Наша литература представляет тоже совершенно особенное явление: мы вдруг переживаем все моменты европейской жизни, которые на Западе развивались последовательно. Только до Пушкина наша поэзия была по преимуществу лирическою. Пушкин недолго ограничивался лиризмом и скоро перешел к поэме, а от нее – к драме. Как полный представитель духа своего времени, он также покушался на роман: в «Современнике» 1837 года помещено шесть глав (с началом седьмой) из неконченого романа его под названием «Арап Петра Великого», из которых четвертая глава была первоначально помещена в «Северных цветах» 1829 года. Повести Пушкин начал писать уже в последние годы своей недоконченной жизни. Однако ж очевидно, что настоящим его родом был лиризм, стихотворная повесть (поэма) и драма, ибо его прозаические опыты далеко не равны стихотворным. Самая лучшая его повесть, «Капитанская дочка», при всех ее огромных достоинствах, не может идти ни в какое сравнение с его поэмами и драмами. Это не больше, как превосходное беллетрическое произведение с поэтическими и даже художественными частностями. Другие его повести, особенно «Повести Белкина», принадлежат исключительно к области беллетристики. Может быть, в этом заключается причина того, что и роман, так давно начатый, не был кончен. Лермонтов и в прозе является равным себе, как и в стихах, и мы уверены, что, с большим развитием его художнической деятельности, он непременно дойдет до драмы. Наше предположение не произвольно: оно основывается сколько на полноте драматического движения, заметного в повестях Лермонтова, столько же и на духе настоящего времени, особенно благоприятного соединению в одном лице всех форм поэзии. Последнее обстоятельство очень важно, ибо и у искусства всякого народа есть свое историческое развитие, вследствие которого определяется характер и род деятельности поэта. Может быть, и Пушкин был бы таким же великим романистом, как лириком и драматургом, если бы явился позже и имел подобного себе предшественника.

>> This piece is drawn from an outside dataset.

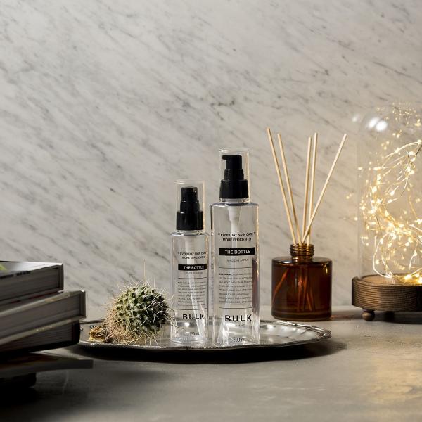 お客様から製品化してほしいというお声を多数いただいたため、デザインと形を一新し、THE BOTTLEとして製品化しました。プッシュ数で使用量が確認できることで、SKIN CAREの効率を上げることはもちろん、毎日使うものなので、ボトルが凹んだりしないようにしっかりした厚みを持たせた素材で、キャップ付きで衛生的に使えるものにしました。化粧水用は200mL、本製品と同サイズでご用意しました。

«Бэла», заключая в себе интерес отдельной и оконченной повести, в то же время была только отрывком из большого сочинения, равно как и «Фаталист» и «Тамань», впоследствии напечатанные в «Отечественных же записках». Теперь они являются, вместе с другими, с «Максимом Максимычем», «Предисловием к журналу Печорина» и «Княжною Мери», под одним общим заглавием «Героя нашего времени». Это общее название – не прихоть автора; равным образом, по названию не должно заключать, чтобы содержащиеся в этих двух книжках повести были рассказами какого-нибудь лица, на которого автор навязал роль рассказчика. Во всех повестях одна мысль, и эта мысль выражена в одном лице, которое есть герой всех рассказов. В «Бэле» он является каким-то таинственным лицом. Героиня этой повести вся перед вами, но герой – как будто бы показывается под вымышленным именем, чтобы его не узнали. Из-за отношений его по «Бэле» вы невольно догадываетесь о какой-то другой повести, заманчивой, таинственной и мрачной. И вот автор тотчас показывает вам его при свидании с Максимом Максимычем, который рассказал ему повесть о Бэле. Но ваше любопытство не удовлетворено, а только еще более раздражено, и повесть о Бэле все еще остается для вас загадочною. Наконец, в руках автора журнал Печорина, в предисловии к которому автор делает намек на идею романа, но намек, который только более возбуждает ваше нетерпение познакомиться с героем романа. В высшей степени поэтическом рассказе «Тамань» герой романа является автобиографом, но загадка от этого становится только заманчивее, и отгадка еще не тут. Наконец, вы переходите к «Княжне Мери», и туман рассевается, загадка разгадывается, основная идея романа, как горькое чувство, мгновенно овладевшее всем существом вашим, пристает к вам и преследует вас. Вы читаете наконец «Фаталиста», и хотя в этом рассказе Печорин является не героем, а только рассказчиком случая, которого он был свидетелем, хотя в нем вы не находите ни одной новой черты, которая дополнила бы вам портрет «героя нашего времени», но, странное дело! вы еще более понимаете его, более думаете о нем, и ваше чувство еще грустнее и горестнее.<<...>>

Что же за человек этот Печорин? – Здесь мы должны обратиться к «Предисловию», написанному автором романа к журналу Печорина.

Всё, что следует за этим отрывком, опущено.